Saturday, April 11, 2015

Rode hard and put up wet today.

Not sure where to start tonight for a lot has been going on the past few days.  Had some tests done on my stomach to try and find out why I am bleeding.  Twenty-three years ago I beat stomach cancer, so I thought.  My white blood cell count is going through the roof again and it could be a possibility that it is coming back.  I will find out of Monday.  I will also hear from UCLA on what progress is being made on extracting the marrow from the donor.  My breathing at times is so bad I feel as though I am going suffocate.  I spent three days in Chino Valley Hospital and they couldn't find out why I was having breathing problems and chest pains.  My heart is in excellent shape, as are all my interior organs except my spleen, which is greatly enlarged, and now my stomach again.  I swear, I just can't catch a break, but it is what is it is and I will deal with it accordingly.  My body is riddled with pain and seems to be getting worse daily.  I am not posting this so you will feel sorry for me, I am merely keeping those who are interested in my journey in the loop.
I spent twelve hours at my Patty's new home with her mother and my our daughter Brittany.  The first fives hours I weeded the rose garden, made a trip to Walmart with my mother in law to pick up a new patio set, and then spent five hours putting the darn thing together.  She made me a nice chicken dinner and then I limped out to my truck and came home.  Tomorrow I am going back to finish the patio set, do a bit more weeding, and then heading out to the bull pen to help the young cowboys.  Right now I am just laying here watching some old westerns on the cowboy channel and will nod off soon.
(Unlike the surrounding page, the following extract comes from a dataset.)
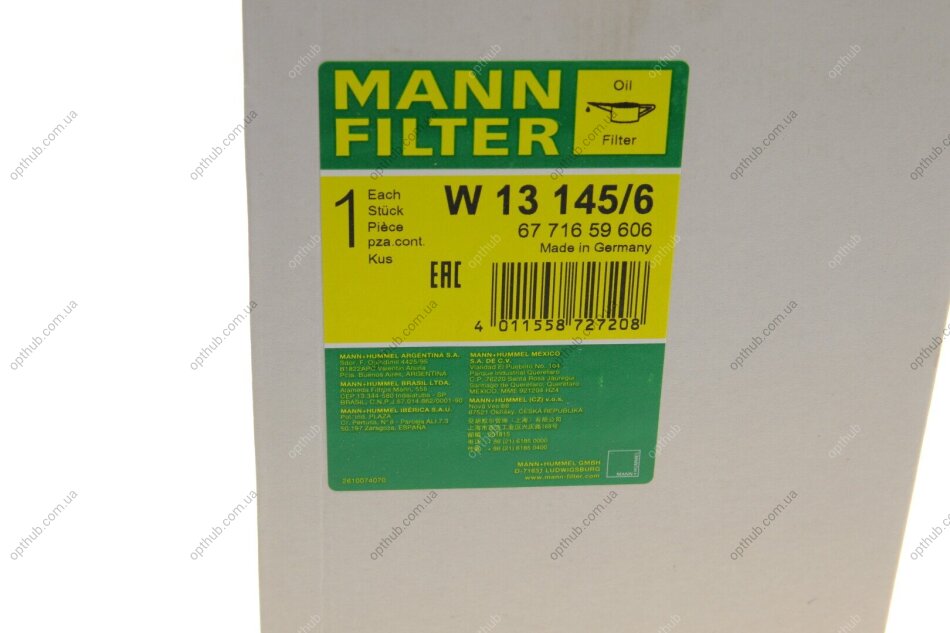 Фільтр масляний W13145/6 MANN

I did talk to Patty about what is going on with me because she still cares and we have our daughters in common to think about.  I told her if my stomach cancer has resurfaced and having to deal with leukemia I don't know what I will do.  It's said that God does not give you any more than you can handle and I feel I have handled everything thus far pretty well, but throw this onto the fire and it's a bit more than I care to deal with.  I will just wait until Monday and try not to worry about any of this till then.  I just find it amazing that I took great care of my self for so many years and now everything is going in a 180 degree direction.  Don't know why or what the reason is but I am dying to find out, no pun intended.
May y'all enjoy your weekend and hopefully you're spending time with your families.  Don't take your life or your days for granted.  Don't think it will never happen to you.  Live hard, love often, and take the bull by the horns.  Goodnight.